Hello, I've known this girl for about 6-7 months and we connected like soul-mates. She is so honest, loving, sweet, and caring. I'd do anything for her despite knowing her for such a short time. We dated for 2 months but we broke up because she thought I was too old for her? I'm 21 and she just turned 18 but apparently she still lives with her super strict parents and her parents have a problem with the age difference. I have a job, I'm very polite, I even open the car door for her and I have things going good in my life. Her parents let us hang out but it's only to go to the gym for 1 hour, if she is 1 minutes late then she gets in big trouble. -___-
So whatever, she said once she moves out she'd like to try again. I said sure, but let's still be friends! She agreed. Well, a week after we broke up she meet a boy her age and they went off. She told me right away and didn't keep it a secret, so I respected that and remained her friend, although I did feel a little jealous and resentful. But I had to accept it, she was still worth being a friend, she was so honest and cares about me...
Well, her boyfriend didn't pay any attention to her, never went to see her or anything and they eventual broke up after a month. During the time they were together, we were still hanging out, me and her I think still had warm feelings together... She was even Kissing and Hugging me.
Well, after they broke up I told her how I felt about seeing her with him and I just felt uncomfortable. We talked, and she agreed to just wait for me and that meant a lot to me. She said she was going to move out in the summer or so and we could date and that she would wait and not date anyone. I told her than she didn't have to wait but it did mean a lot to me...
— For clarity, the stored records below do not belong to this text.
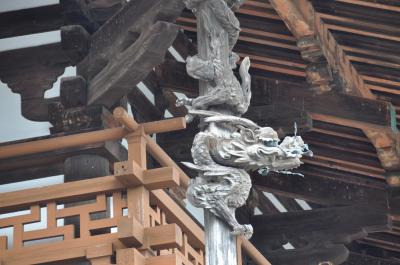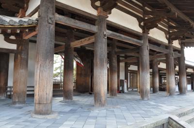 法隆寺は高校の修学旅行(当時は青函トンネルはまだなく、青函連絡船で津軽海峡を渡り寝台列車「日本海」で京都へ)で行っただけなので、数十年ぶりで拝観しました。当日の朝、大阪のホテルを出発してJRで法隆寺駅へ行き、参道に入るとちょっとしたワクワク感があり、まず国宝の南大門が迎えてくれました。そして何人も通ることができない中門の前に来ると、奥に五重塔が見えて、この眺望もすでに感動でした。向かって左側の入口で拝観料を払って西院伽藍に入ると、世界最古といわれる五重塔と金堂が目の前に現れます。中門の柱がエンタシス様式であることを再確認し、大講堂や回廊など国宝建築物に囲まれ、法隆寺に来たことを実感して、四方八方から写真を撮りまくりました。金堂の柱には龍の彫刻が施されていることも、実物を見て知りました。
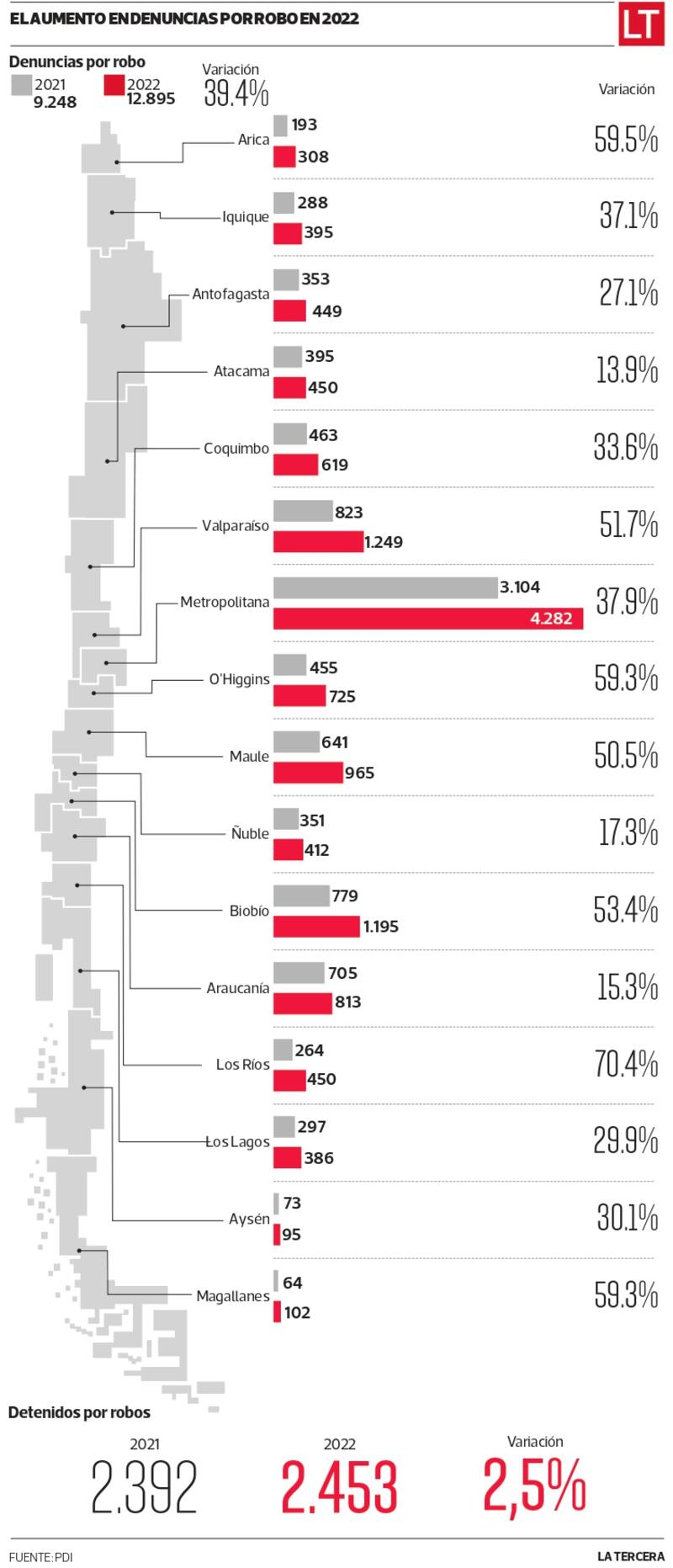 Si bien todas las regiones del país vieron subir sus cifras de denuncias de robos, Los Ríos fue donde más creció, registrando un 70% más respecto del año anterior, seguida de Arica (59,5%), O’Higgins (59,3%) y Magallanes (59,3%). En la Región Metropolitana, que concentra por lejos el mayor número de estas denuncias (4.282), el aumento fue de 37,9% versus el año pasado. Más atrás en número se ubican las regiones de Valparaíso (1.249) y Biobío (1.195) (ver infografía).
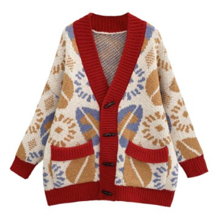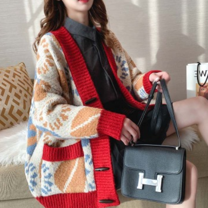 毛衣外套女2020秋冬新款女裝寬松百搭V領牛角扣開衫慵懶風加厚潮
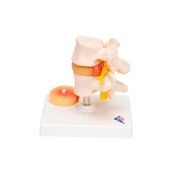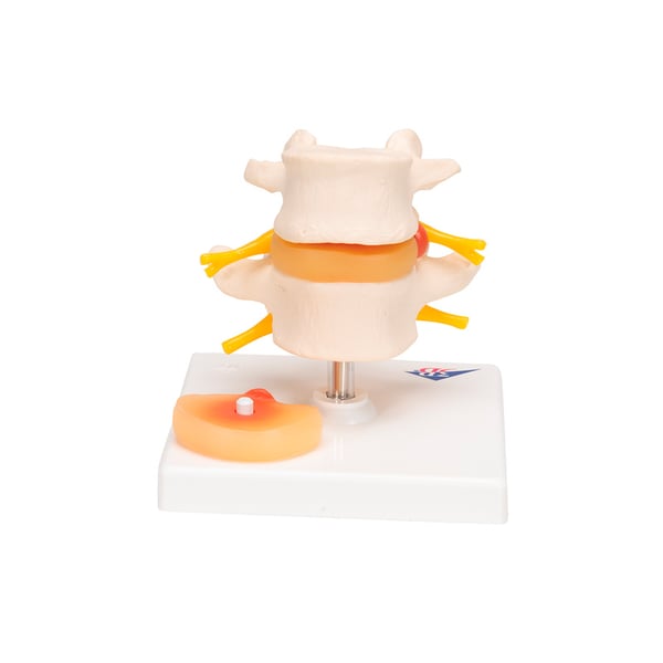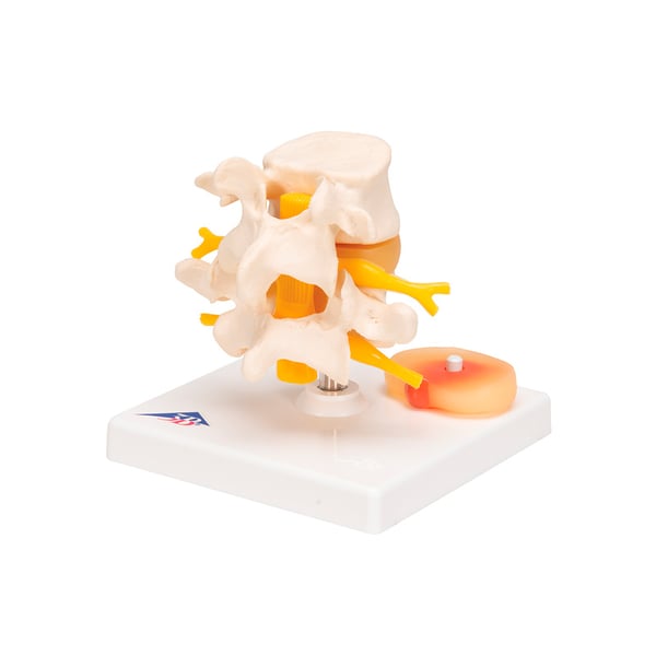 Ce modèle de disque vertébral est composé de deux vertèbres lombaires avec des nerfs vertébraux, une dure-mère spinale et deux hernies discales médianes et latérales interchangeables entre la 4e et la 5e vertèbre lombaire.
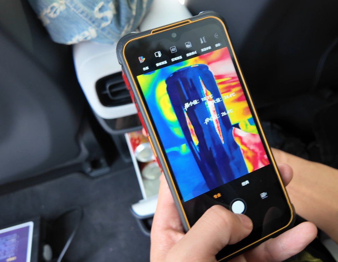 我們同時將 22 ℃的可樂,塞滿兩車冰箱,冰箱温度均調到最低,一個小時後測温,小米 SU7 裏的可樂降到 10 ℃左右,比問界要低 2 ℃。
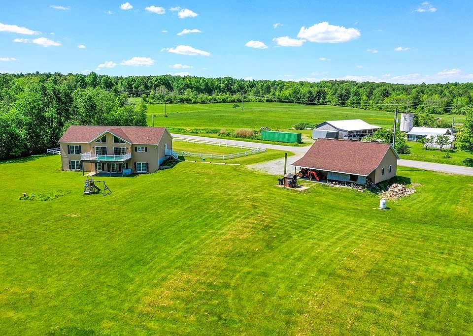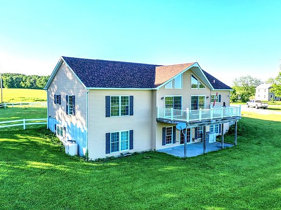 Welcome to Tranquility in the Finger Lakes! This gorgeous NEW home was recently built in 2010 and has so many amazing features. The main level boosts an open floor plan w/ a large kitchen, Merillat cabinets, island, & pantry. Laundry room w/ storage & a second pantry. The living area offers natural sunlight & vaulted ceilings. Step out onto the deck & admire the sunrise & country views. Two bedrooms & 2 full bathrooms on the main level. Below is 3 more bedrooms & 2 full bathrooms. Below is also a second living room and a walk out to a covered patio. NEW furnace. The second story has 2 more rooms that could easily be finished. 1,200 sq. ft. garage, fenced in front yard, stocked pond, wild life, trails, and only 2.3 miles to Keuka Lake! Additional 38.20 acres available!
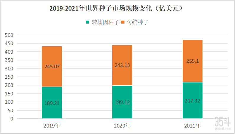 根據(jù)IHS Markit,2021年全球商業(yè)轉(zhuǎn)基因種子銷售總額約為218億美元,較2020年增長(zhǎng)11.6%。盡管只有19%的作物面積,但其市場(chǎng)規(guī)模占比已經(jīng)高達(dá)46%。
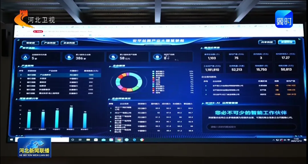 河北联通工业互联网平台专家 王君楠:为安平丝网企业高效搭建数字化平台,实现对企业生产、能耗、库存等数据的实时采集,再通过数字金融平台把这些数据跟银行进行对接,从而打通中小企业和银行之间的产融桥梁。
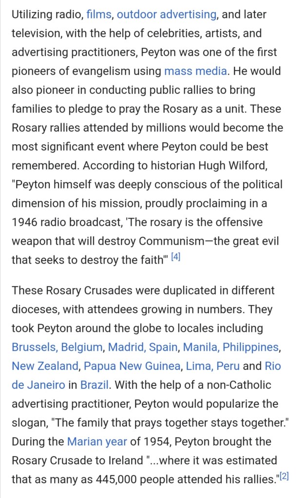 It was stirred up by American religious figures and local propaganda outlets including Patrick Peyton of the Catholic Church, presently a candidate for sainthood.
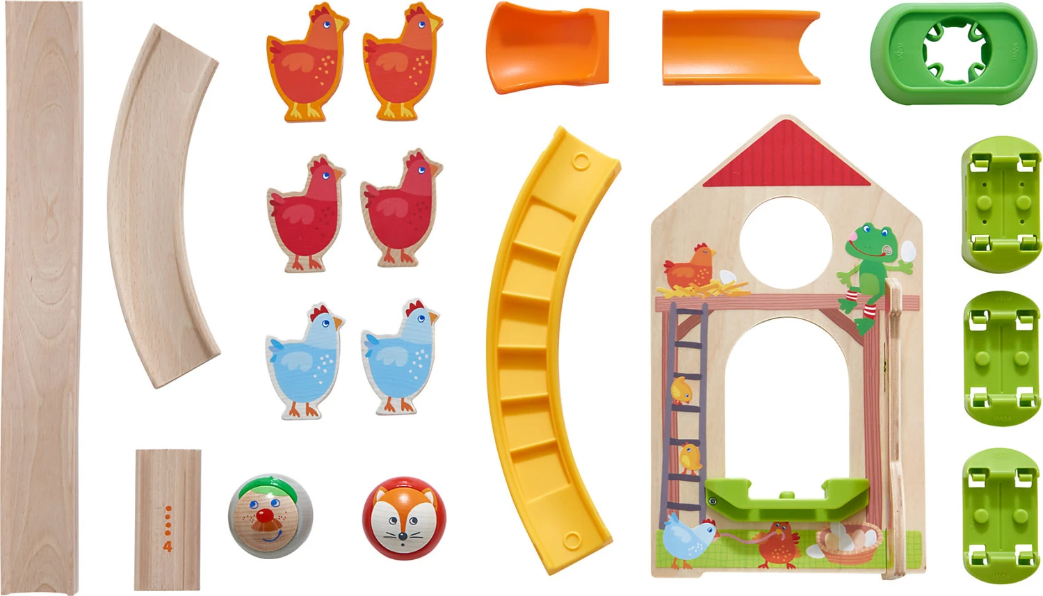 1 Kulisse Scheune, 1 Rampe, 1 Säule, 1 Kurve, 1 Dominotreppe, 6 Dominosteine Huhn, 4 Verbindungselemente, 1 Startrampe, 1 Abfahrtsrampe, 1 Kugel Bauer Björn, 1 Kugel Fuchs Frederik.
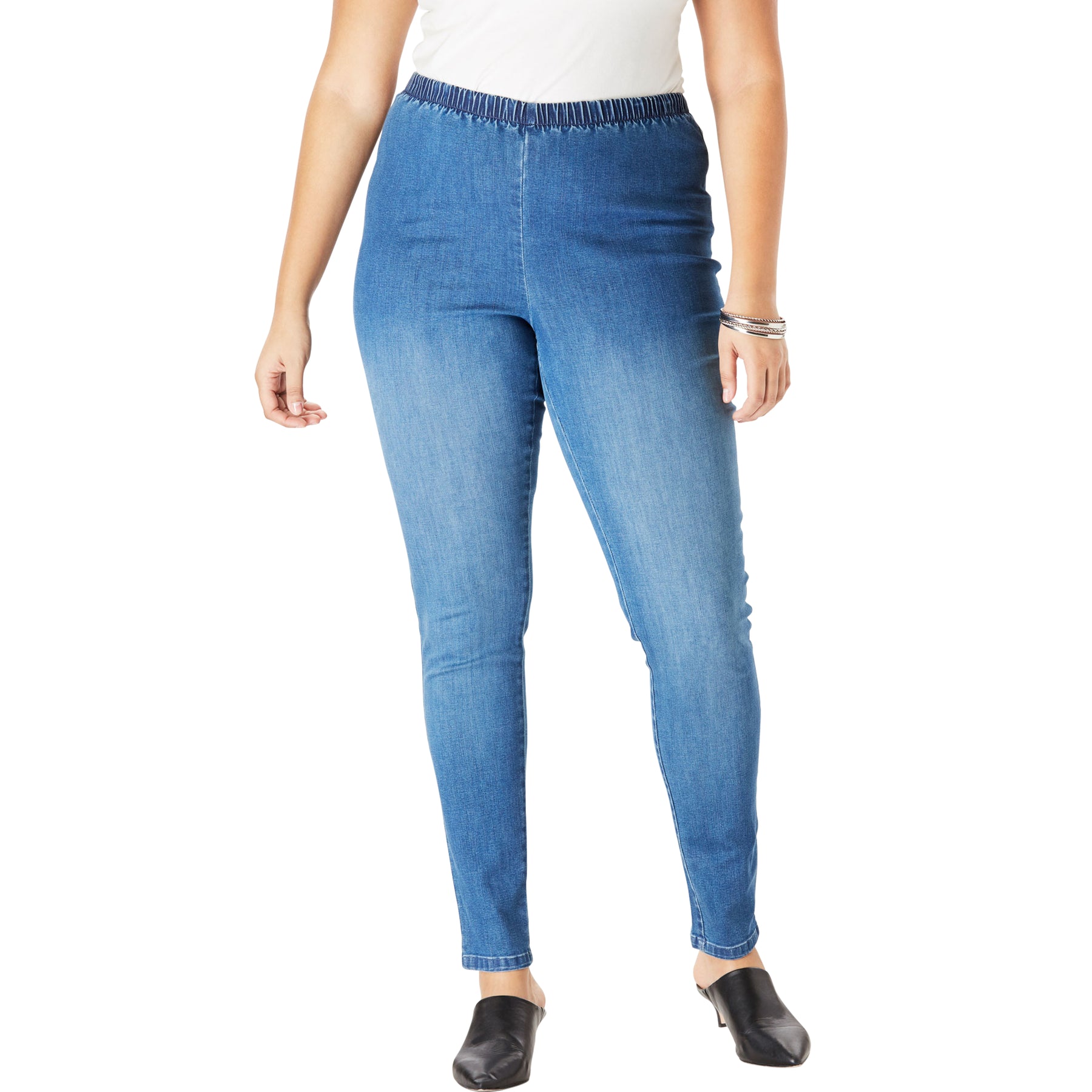 Easily slip in (and out) of these slim-leg jeans, designed with just the right amount of stretch for all-day comfort and a flattering fit. Perfect for everything from weekend outings to casual Fridays, this pair features an elastic waistband and no pockets for sleek style.
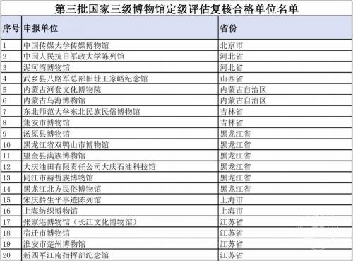 (通讯员 张遵璐)9月18日,中国博物馆协会发布的《关于公布了第三批国家二级、三级博物馆名单的通知》,我校传媒博物馆通过省级博物馆行业评定,全国博物馆评估委员会专家复核、国家文物局备案等层层严格评审,被正式评定为“国家三级博物馆”,这也是北京市高校博物馆中首个被列入“国家级”的高校博物馆。
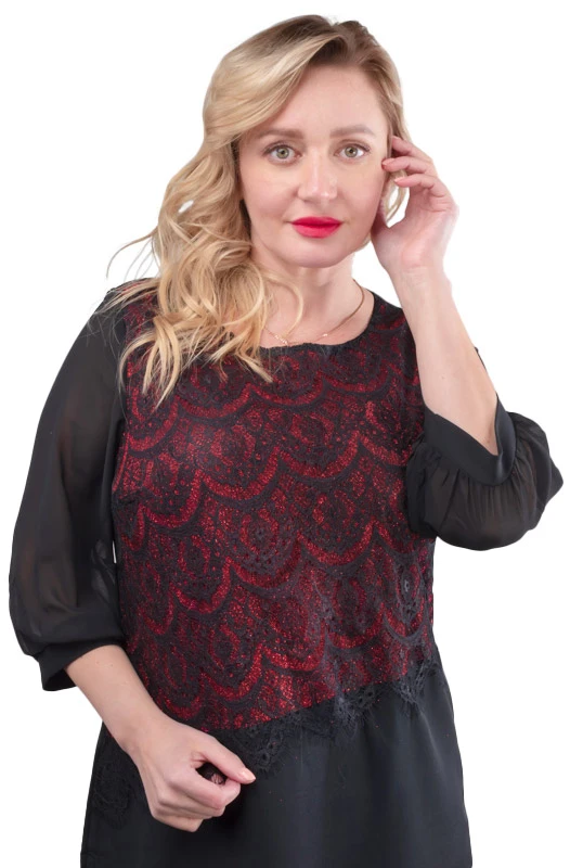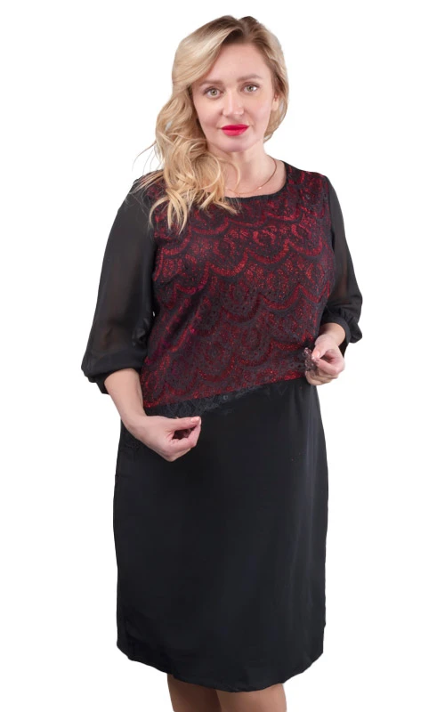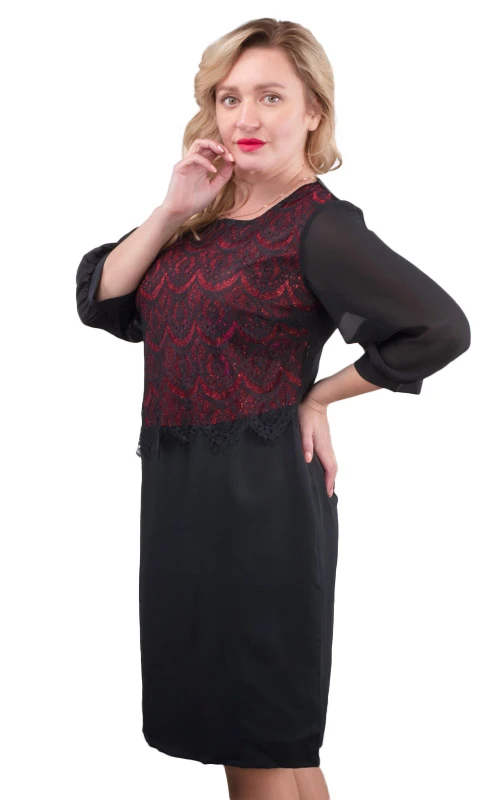 Красивое вечернее платье полуприталенного силуэта из плательного материала. Верхняя передняя часть платья выполнена из ткани с блёстками. В этом платье деталь, покрытая кружевным полотном, как бы скрывает недостатки, но в тоже время является украшением. Горловина округлой формы. Рукава шифоновые, длиной ¾. Застёжка потайная молния в боковом шве. Спинка цельная, с талиевыми выточками. Платье подойдёт для высоких девушек и для среднего роста. Это платье станет Вашим любимым для вечеринок, праздничного вечера!
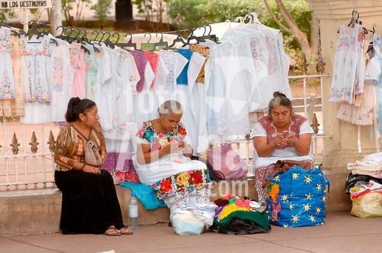 akg655628 Mexiko, Yucatan, Valladolid, Mayafrauen mit Kunsthandwerk am Hauptplatz.
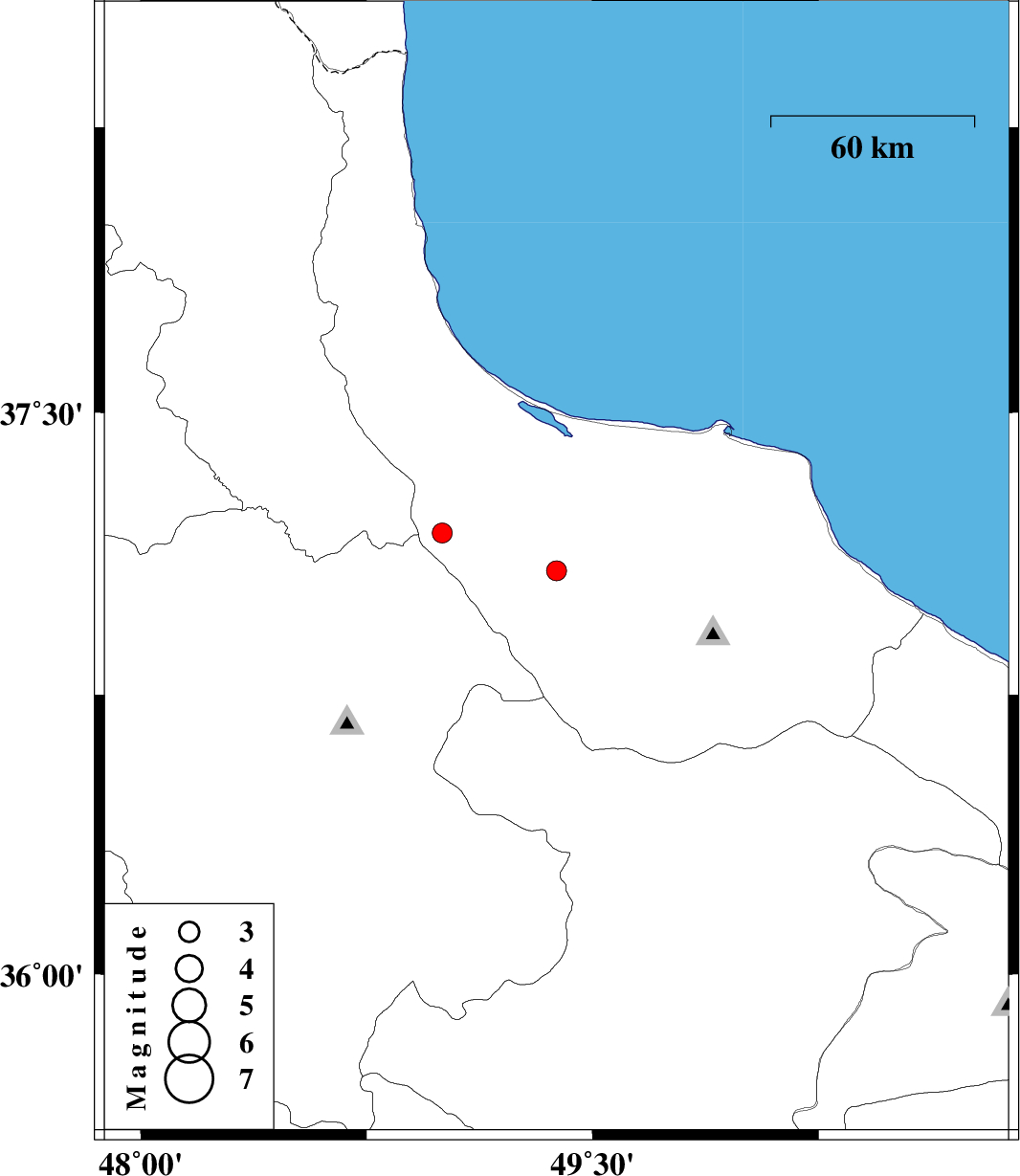 | 2007/06/06 | 23:10:56.8 | 02:40:56.8 | 37.18 | 49 | 16 | ML:3 | 27 km West of Fuman, Gilan Province |

Well, she broke that promise... She found another guy her age... This time she said, after one date that he was so perfect. He made her feel like she never felt before... That hurt, I couldn't help but get a little angry. She broke the promise but it was more jealousy that enraged me. "Made her feel like she never felt before", like I was just some "ehhh okay" guy... I got really mad and I texted her that I hated her! Well, after my reign of emotions ended, I felt really bad and apologized.. But she wont accept my apology.
Now I feel so awful... I'm at the point that I don't care if I'm with her or not. I don't know how I feel, but a part of me wants her in my life, whether we are together or not. She's just ignoring my texts now and I can't stand this pain in my chest. I don't know why I care so much but I don't want it to end in hate... I don't even know what I'm saying anymore, I'll just end it here... Thanks for reading.